Suppose you have images that contain text. The images can include road signs, scanned documents that are in an image file format such as JPEG or PNG, or a picture of a white board that was used during a meeting. Perhaps the text is printed, typewritten, or even includes handwriting.

The ability for computer systems to process written and printed text is an area of artificial intelligence (AI) where computer vision intersects with natural language processing. Vision capabilities are needed to "read" the text, and then natural language processing capabilities make sense of it.

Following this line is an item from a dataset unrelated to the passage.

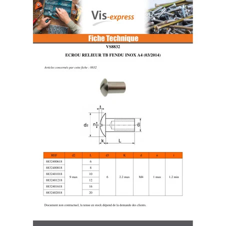 1 X Écrou Relieur Tête Fraisée Bombée TFB Moletée M4X13 5X20 Laiton

The foundation of processing text in images is optical character recognition (OCR), in which a model can be trained to recognize individual shapes as letters, numerals, punctuation, or other elements of text. Much of the early work on implementing this kind of capability was performed by postal services to support automatic sorting of mail based on postal codes. Since then, the state-of-the-art for reading text has moved on, and it's now possible to build models that can detect printed or handwritten text in an image and read it line-by-line and word-by-word.

In this module, we'll focus on the use of OCR technologies to detect text in images and convert it into a text-based data format, which can then be stored, printed, or used as the input for further processing or analysis.

Uses of OCR

The ability to recognize printed and handwritten text in images, is beneficial in scenarios such as note taking, digitizing medical records or historical documents, scanning checks for bank deposits, and more.